Exercise requirements ▸ Find "此次招聘会将我院专业特色与企" in the listing below, then set down only that line and each later line, unchanged, leaving out pictures.

Dataset extract ▸
++++++++++++++++++++

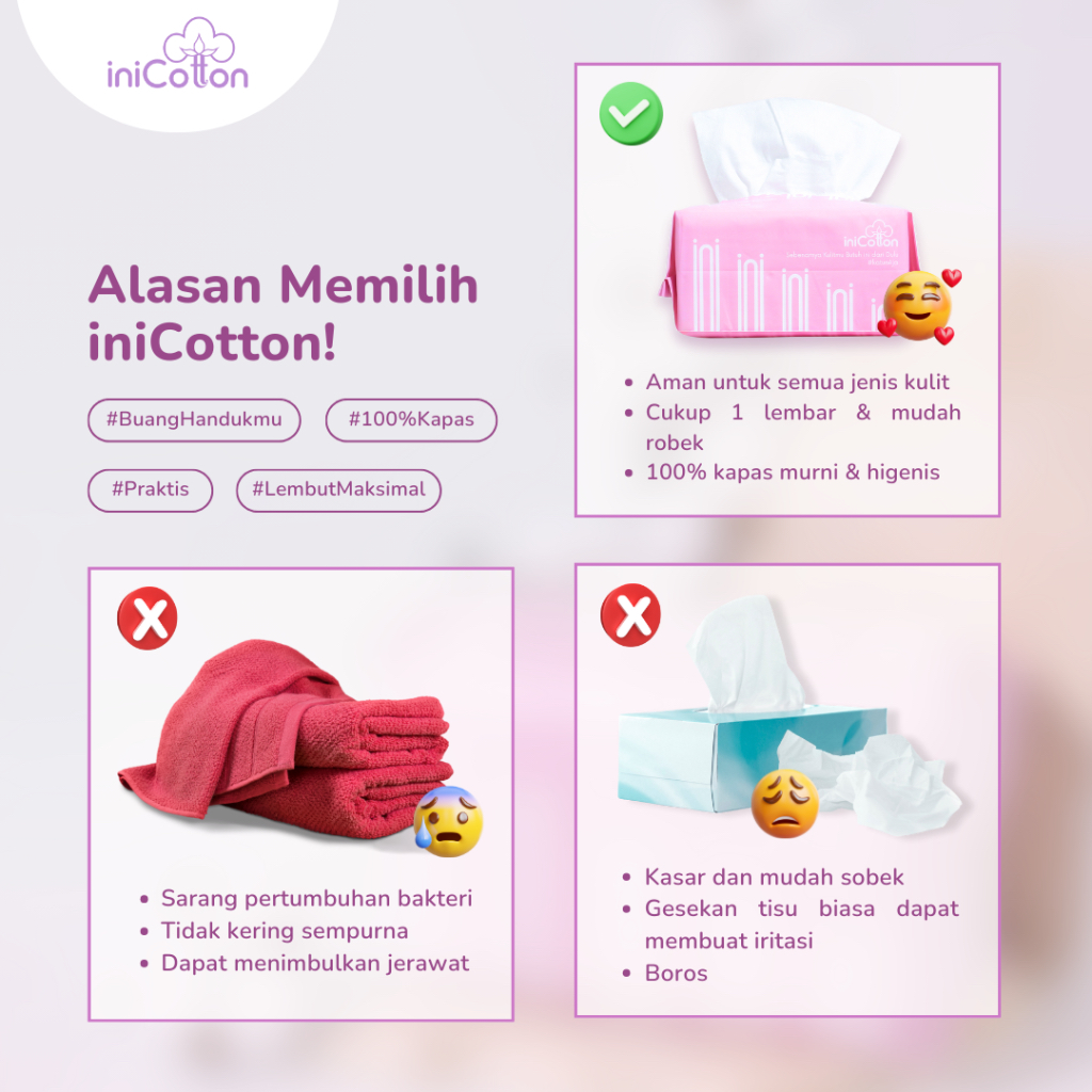 (3 Bungkus) iniCotton Tisu Wajah 100 PERSEN Cotton, Tisu Lembut Sekali Pakai, Kering & Basah, 90 lembar
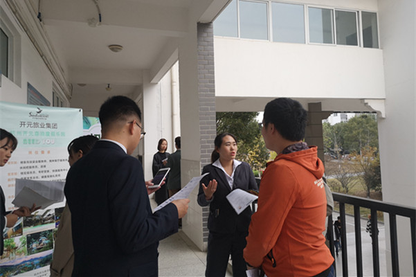 此次招聘会将我院专业特色与企业实际需求相结合,具有较强的针对性。经过前期认真的准备和筛选,吸引了南京银美旅行社、安徽环球文化旅游集团、开元森泊度假乐园、杭州开元名都大酒店、嘉兴万豪酒店、池州平天半岛大酒店等12家用人单位前来招聘。招聘会有用人单位集中宣讲、学生递交就业推荐表、用人单位与学生恰谈等环节,会场气氛活跃,秩序井然,学生参与度高,有多位学生与用人单位达成初步就业意向。
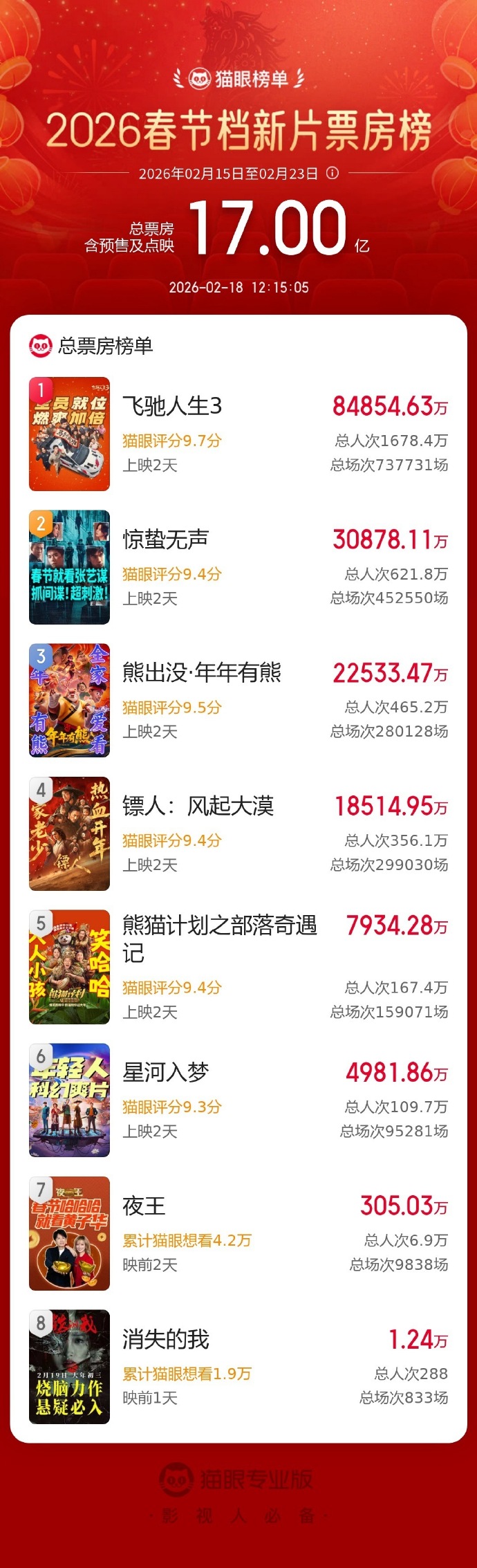 2月18日,据猫眼专业版数据,2026年春节档新片总票房破17亿元,《飞驰人生3》《惊蛰无声》《熊出没·年年有熊》暂列春节档新片票房榜前三位。
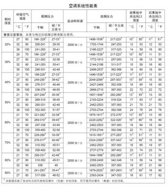 兩張表中都給出了各溫度和濕度下的空調系統(tǒng)工作壓力,但是GL8車型需要在發(fā)動機轉速2000r/min的狀態(tài)下測量,而奇駿只是怠速下測量,所以GL8的空調系統(tǒng)壓力值要比奇駿高很多。因此,對于您正在維修的車輛,幫主沒法給出標準答案,一切都在維修手冊中,這才是我們修車時的最高法典。

++++++++++++++++++++

Solution ▸
 此次招聘会将我院专业特色与企业实际需求相结合,具有较强的针对性。经过前期认真的准备和筛选,吸引了南京银美旅行社、安徽环球文化旅游集团、开元森泊度假乐园、杭州开元名都大酒店、嘉兴万豪酒店、池州平天半岛大酒店等12家用人单位前来招聘。招聘会有用人单位集中宣讲、学生递交就业推荐表、用人单位与学生恰谈等环节,会场气氛活跃,秩序井然,学生参与度高,有多位学生与用人单位达成初步就业意向。
 2月18日,据猫眼专业版数据,2026年春节档新片总票房破17亿元,《飞驰人生3》《惊蛰无声》《熊出没·年年有熊》暂列春节档新片票房榜前三位。
 兩張表中都給出了各溫度和濕度下的空調系統(tǒng)工作壓力,但是GL8車型需要在發(fā)動機轉速2000r/min的狀態(tài)下測量,而奇駿只是怠速下測量,所以GL8的空調系統(tǒng)壓力值要比奇駿高很多。因此,對于您正在維修的車輛,幫主沒法給出標準答案,一切都在維修手冊中,這才是我們修車時的最高法典。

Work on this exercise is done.